Padre de familia, parte 2ª.

Aunque a menudo recreaba en su mente aquellos momentos, aún no sabía pasado inmóvil observando los inertes ojos abiertos de su hija y los turbios cabellos de su esposa mecidos por el gélido viento, pero fue el suficiente para dar tiempo a que llegara la policía, e instantes después, una ambulancia. Según supo más tarde, el accidente fue culpa del camión. O más bien, de su conductor, un cocainómano sin ni siquiera carnet de conducir que lo acababa de robar. Sabía conducir un coche (y robar) un coche desde que tenía quince años, pero no un camión. No por asfalto cubierto de hielo. Y sobre todo, no con los reflejos distorsionados por los estupefacientes ni  con un conductor que, distraído por su bella esposa, parando su coche junto a él. Al parecer, una semana después, antes del juicio, se ahorcó. Pero no le guardaba rencor. Y menos  después de que se suicidase. La culpa no era de nadie, son cosas que pasan… Pero él era culpable. No del accidente, desde luego. Pero sí de haber culpado a su mujer de él. Apenas fue una fracción de segundo, desde que notó que había tenido un accidente hasta que abrió los ojos y vio las consecuencias de éste. Incluso cuando vio a su hija agonizante la culpó, pero en menos de lo que se tarda en parpadear, comprendió que era demasiada culpa para una persona que le quería cuyo único fallo fue tratar de avisarles de lo que podía pasar. Entonces es cuando se arrepintió. La vio caer muerta. Y lo último que había pensado sobre ella mientras estaba en vida…fue que era la causante de la muerte de la hija de ambos.
Cuando te sientes culpable de una tragedia así, incluso si lo eres, todos, hasta tú mismo, te ayudan a superarlo, diciendo cosas como que no es culpa de nadie, que tenía que pasar, que no pudo evitarse y otras banalidades. Pero ¿cómo se superaba el culpar a alguien inocente, a alguien que ya se ha ido, a alguien que en vida fue la persona que más quisiste hasta que te dio otra personita con la que compartir ese puesto? ¿Cómo iba a perdonarse no haberse despedido de las dos personas a las que más quiso jamás? ¿Cómo iba siquiera a sentirse humano después de haber cogido el coche sin preocuparse de nada, permitiendo que una niña pequeña fuese en la parte delantera del vehículo y que su mujer se jugara la vida cerrando la puerta? Estaba claro que no había forma alguna.

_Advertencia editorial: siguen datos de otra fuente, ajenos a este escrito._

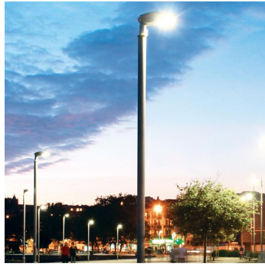
1418 Palo in acciaio ø102-159 da interrare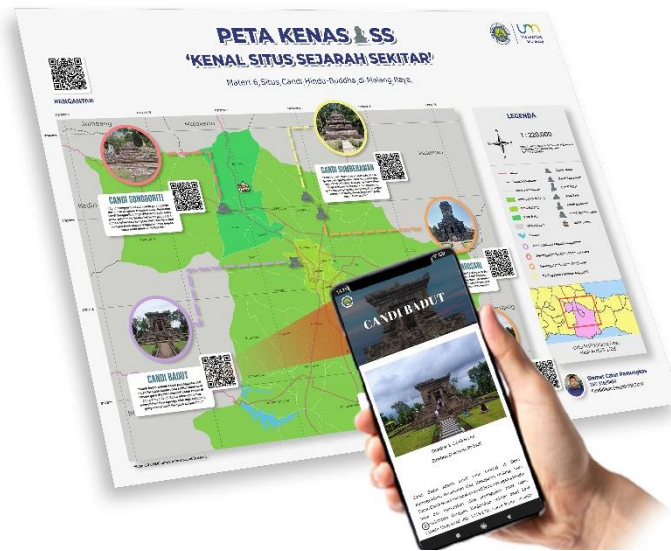
Gambar 2. Ilustrasi Penggunaan Peta

Pemilihan media peta dipilih dalam penelitian ini karena penggunaan media peta dianggap cocok dalam pengembangan media pembelajaran yang berusaha mengangkat keberadaan situ-situs sejarah sekitar, seperti 6 situs candi Hindu-Buddha di Malang Raya yang peneliti angkat dalam penelitian ini. Menurut Bolick (2006) penggunaan peta dalam pembelajaran sejarah tidak hanya memperkaya pemahaman siswa tentang peristiwa-peristiwa sejarah, tetapi juga membantu mereka mengembangkan keterampilan pemetaan, pemahaman spasial, dan pemecahan masalah secara visual. Dengan digunakannya media peta dapat mempermudah siswa dalam upaya memahami gambaran geografis keberadaan letak-letak dari 6 situs candi yang sedang dipelajari. Sehingga dalam proses pembelajarannya siswa tidak hanya sekedar memahami keberadaan situs candi secara tekstual namun juga memiliki bayangan terkait pemetaan lokasi dari tiap-tiap situs candi. Pengembangan media peta ini juga sebagai upaya pembuatan media yang mampu menyajikan materi 6 situs candi Hindu-Buddha di Malang Raya yang mudah diakses oleh siswa dalam satu media yang sama.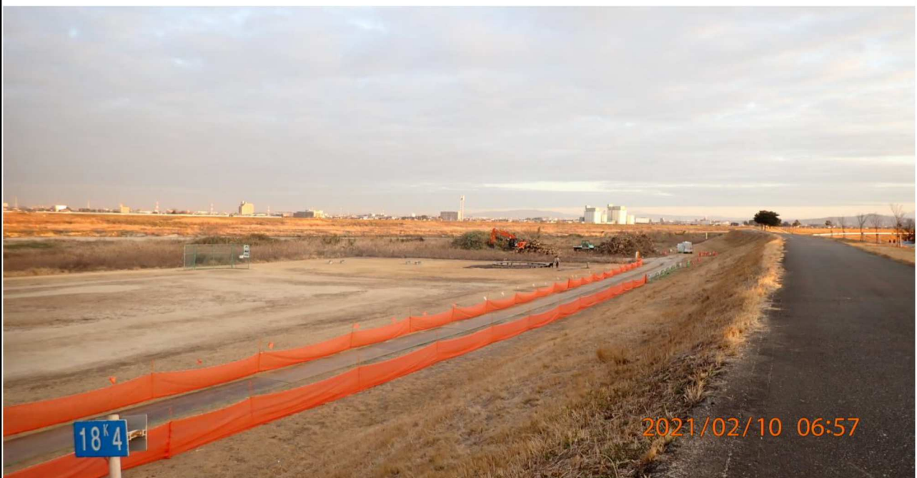
左岸18.4km付近より上流を撮影。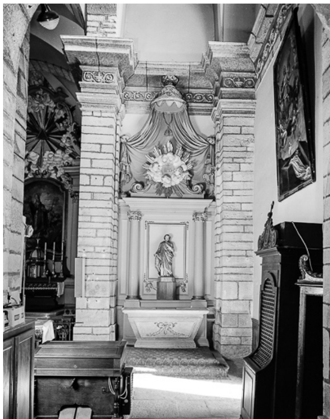
Vue d'ensemble de l'autel-retable latéral droit.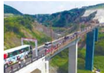
長陽大橋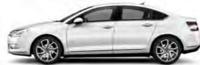
BELA NACRÉ (B)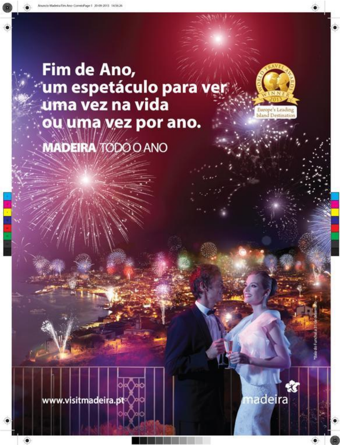
Figura 14: Inserção do anúncio da campanha “Madeira todo o Ano” na publicação do jornal Correio da Manhã, de 13 de Outubro de 2013.

Nessa mesma semana foi usado uma inserção da imagem relativa ao Fim de Ano em diferentes meios, de modo a que este fosse o cartaz mais promovido. Estas aplicações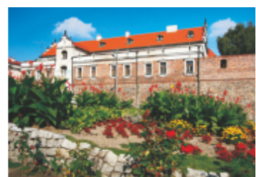
23. Zespół klasztoru ss. Dominikanek

23 ZESPÓŁ DAWNEGO KLASZTORU SS. DOMINIKANEK. Barokowy kościół pw. Matki Boskiej Śnieżnej budowany po 1627 r. z fundacji Katarzyny Warszawskiej. W XVIII wieku klasztor przybudowany do XV-wiecznych murów miejskich. Po roku 1882 przebudowany wg projektu Feliksa Nowickiego. Obok fragment murów miejskich budowanych w II poł. XIV i pocz. XV wieku.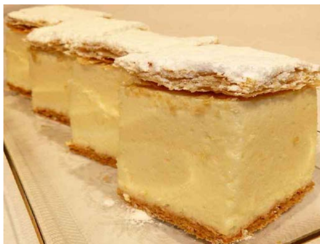
2. ábra. Krémes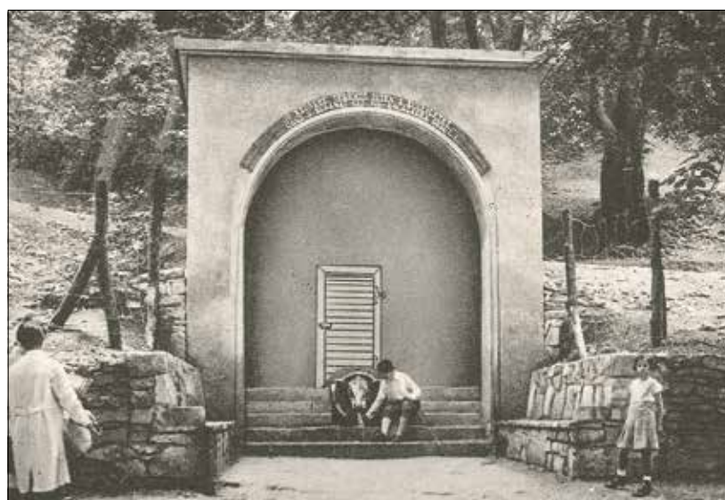
A Disznófó-forrás, homlokzatán Vörösmarty Mihály híres mondatával

„Pünkösdi napján a ligetben víg emberek sokadoznak: zöldelő fák árnyékában heverésznek, játszadoznak.” (1894)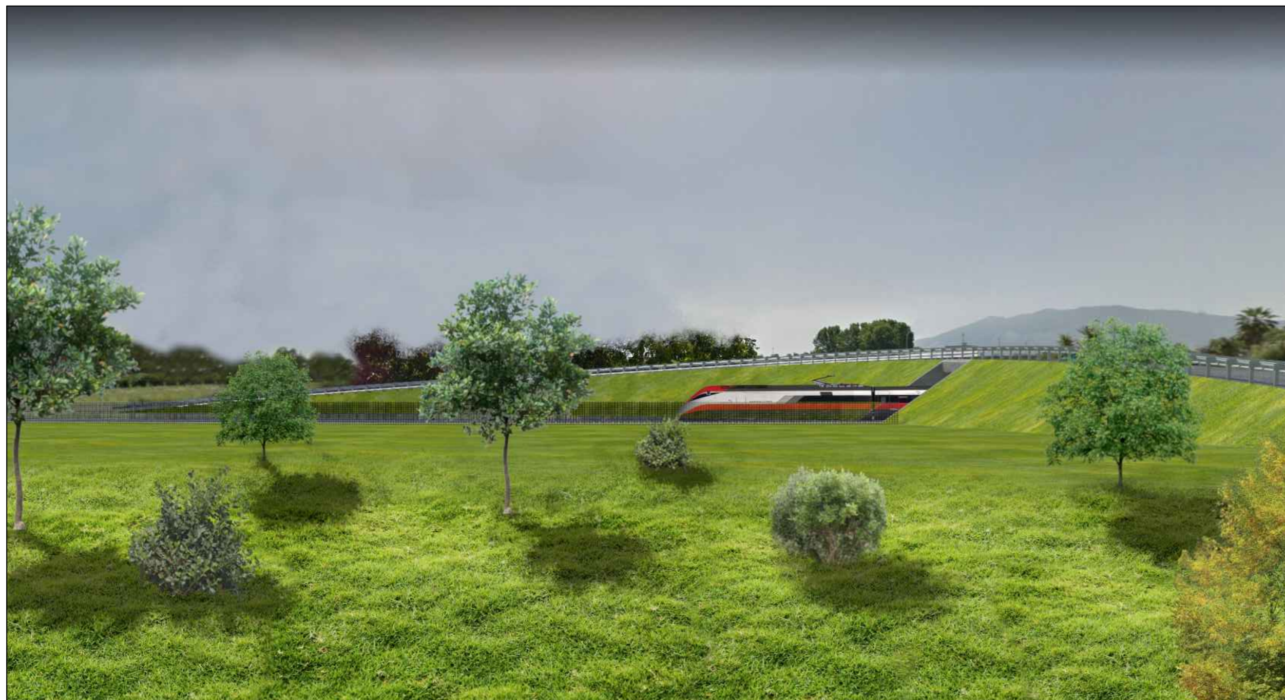
IA06 - Km 10+100 - POST OPERAM

Por suerte, el seguro le indemnizó tan generosamente que no tendría que volver a trabajar en años si seguía llevando la vida que hasta entonces había tenido. Pero ya no tenía vida. Apenas comía. No tenía a quién regalar juguetes por las buenas notas, ni a quién sorprender con una cena romántica. No tenía, por supuesto, motivos para comprarse nada, se odiaba. Tampoco gastaría combustible con un coche que, no sabía por qué, reparó, pues no tenía un trabajo al que ir, una hija a la que llevar a clase, una familia con la que ir al campo los domingos, ni jamás tendría una hija a la que enseñar a conducir con el coche viejo, así que lo vendió. Y lo mismo hizo con la casa… ¿Para qué dos pisos estando él sólo? ¿Para qué un castillo sin sus dos princesas? Decidió coger todo el dinero que consiguió y mudarse a la modesta pensión frente al hospital, en la que tuvo su primera “cita” con su ya difunto amor. Con suerte, alguien le metería un tiro mientras dormía para llevarse el dinero, y si le detenían, en su testamento había dejado bien claro que la mitad del dinero sería para el asesino, en agradecimiento por aliviarle sufrimiento y en compensación por la probable pena de cárcel, y la otra mitad para unos suegros a los que no se atrevía mirar a la cara.
Así vivó unas semanas. Se despertaba aterrado en mitad de la noche varias veces, reviviendo aquel momento, deseando no morir ante aquel camión que al verlo aceleraba en lugar de frenar, no quería dejar una huérfana y una viuda tan jóvenes y guapas. Pero entonces despertaba, veía que  eran ellas las que le habían dejado solo, y por muy egoísta que sonara, deseaba haberse ido él. O haberse despedido de ellas como merecían…o al menos, sin reprocharles nada. Por el día, bajaba una o dos veces como máximo al restaurante que había justo bajo su habitación. Cuando tenía una vida, había estado muchas veces, durante un tiempo iba casi a diario. Era donde comían los trabajadores del hospital a los que no les gustaba la comida que se servía en los comedores de éste. Los internos considerados por sí mismos “rebeldes”, y sobre todo el personal no sanitario. Entonces los veía. Era el único contacto con la sociedad que tenía. Pero sabía que jamás nadie le llegaría a importar una milésima parte de lo que le importó su familia, y si se odiaba a sí mismo, también a los demás.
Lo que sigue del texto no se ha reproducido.